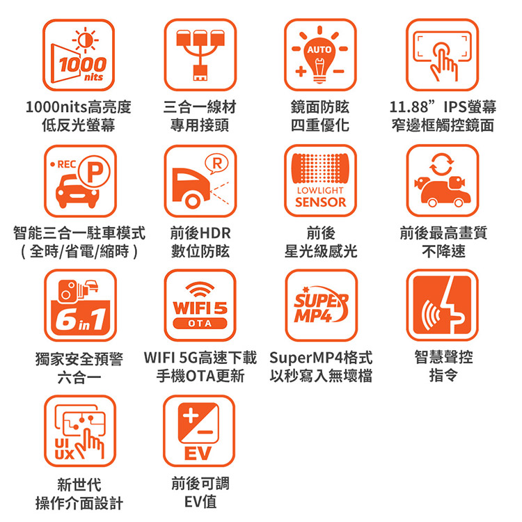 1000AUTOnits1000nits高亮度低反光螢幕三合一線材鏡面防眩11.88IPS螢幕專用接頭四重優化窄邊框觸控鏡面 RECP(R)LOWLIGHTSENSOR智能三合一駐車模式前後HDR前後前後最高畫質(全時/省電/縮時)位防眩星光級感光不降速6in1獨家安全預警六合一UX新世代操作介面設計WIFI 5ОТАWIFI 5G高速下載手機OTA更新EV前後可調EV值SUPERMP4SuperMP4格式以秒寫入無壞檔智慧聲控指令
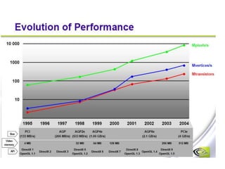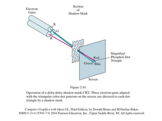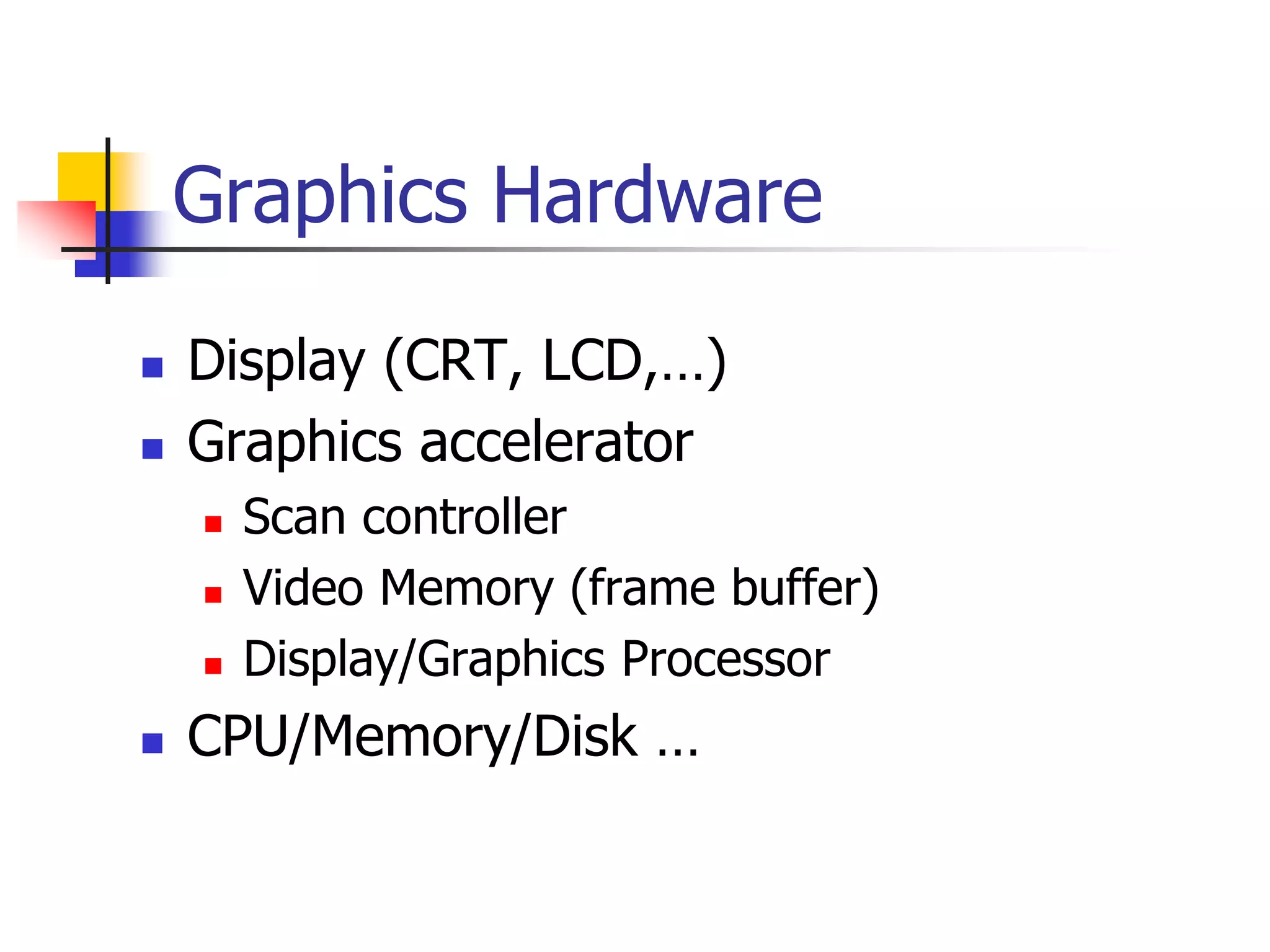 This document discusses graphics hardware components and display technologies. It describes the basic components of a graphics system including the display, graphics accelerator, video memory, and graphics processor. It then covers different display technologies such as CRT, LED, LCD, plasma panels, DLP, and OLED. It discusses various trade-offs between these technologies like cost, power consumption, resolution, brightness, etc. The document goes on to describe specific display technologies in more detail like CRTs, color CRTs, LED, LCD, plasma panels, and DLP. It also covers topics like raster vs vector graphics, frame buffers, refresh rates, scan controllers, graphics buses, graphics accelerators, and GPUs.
************
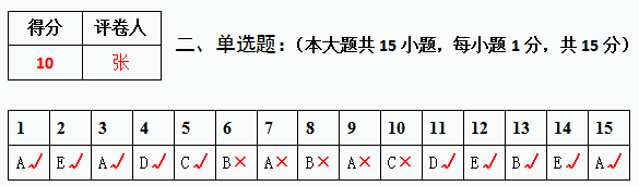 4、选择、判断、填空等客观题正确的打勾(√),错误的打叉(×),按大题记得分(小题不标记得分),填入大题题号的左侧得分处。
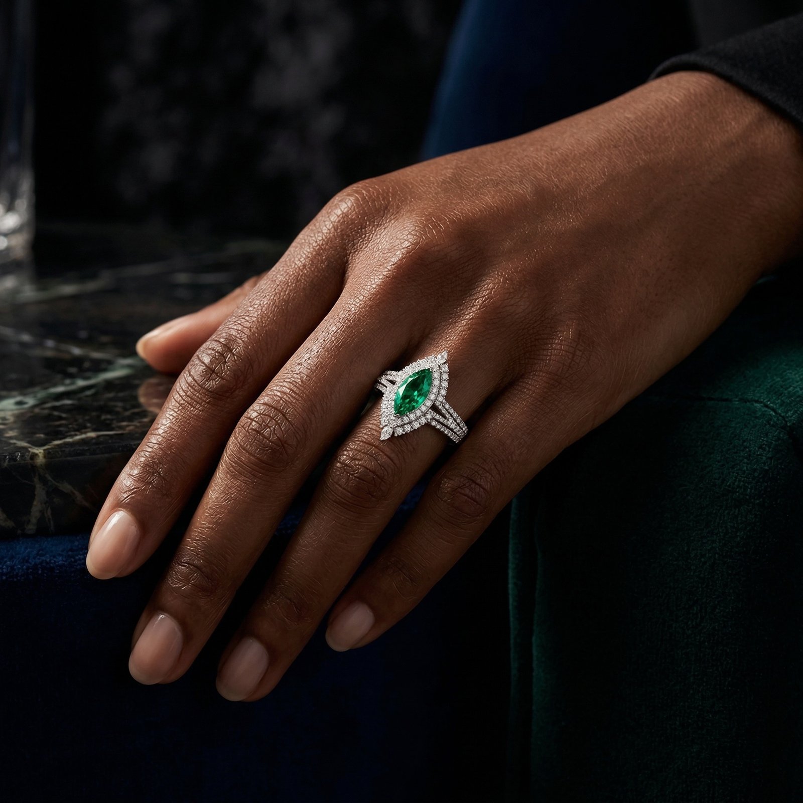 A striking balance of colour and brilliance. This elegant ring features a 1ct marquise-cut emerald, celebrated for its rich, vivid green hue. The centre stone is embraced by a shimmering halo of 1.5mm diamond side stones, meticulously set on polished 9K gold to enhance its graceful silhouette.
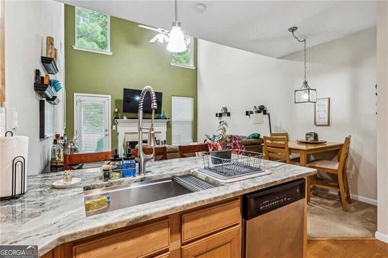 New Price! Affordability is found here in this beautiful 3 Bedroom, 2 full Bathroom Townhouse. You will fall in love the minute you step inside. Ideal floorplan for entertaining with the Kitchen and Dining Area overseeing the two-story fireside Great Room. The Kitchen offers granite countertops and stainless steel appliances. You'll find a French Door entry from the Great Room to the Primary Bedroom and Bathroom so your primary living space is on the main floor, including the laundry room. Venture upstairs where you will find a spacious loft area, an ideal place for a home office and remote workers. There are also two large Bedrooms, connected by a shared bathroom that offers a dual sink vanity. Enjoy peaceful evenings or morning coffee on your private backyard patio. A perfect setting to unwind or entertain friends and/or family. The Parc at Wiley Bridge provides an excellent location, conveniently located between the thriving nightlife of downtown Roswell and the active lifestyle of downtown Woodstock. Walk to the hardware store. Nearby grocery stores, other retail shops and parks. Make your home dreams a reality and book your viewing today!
************
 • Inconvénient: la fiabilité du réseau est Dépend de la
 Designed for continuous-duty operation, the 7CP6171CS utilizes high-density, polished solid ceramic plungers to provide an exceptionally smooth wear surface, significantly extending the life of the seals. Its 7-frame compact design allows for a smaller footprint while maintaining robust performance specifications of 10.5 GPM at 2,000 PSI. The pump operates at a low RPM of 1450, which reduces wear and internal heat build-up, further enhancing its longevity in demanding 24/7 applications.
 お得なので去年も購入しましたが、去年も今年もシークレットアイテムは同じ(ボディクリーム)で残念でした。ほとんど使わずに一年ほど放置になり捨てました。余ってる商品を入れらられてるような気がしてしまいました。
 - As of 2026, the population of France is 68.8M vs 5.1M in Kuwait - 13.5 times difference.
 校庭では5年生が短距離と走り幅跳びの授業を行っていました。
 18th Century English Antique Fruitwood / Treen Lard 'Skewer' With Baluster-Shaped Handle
************
- INSTRUCTIONS FOR THE TASK: Since only part of the listing is wanted, copy exactly the lines from the one holding "校庭では5年生が短距離と走り幅跳びの授業を行っていました。" to the one holding "18th Century English", both included.

- RESULT OF THIS EXERCISE:
 校庭では5年生が短距離と走り幅跳びの授業を行っていました。
 18th Century English Antique Fruitwood / Treen Lard 'Skewer' With Baluster-Shaped Handle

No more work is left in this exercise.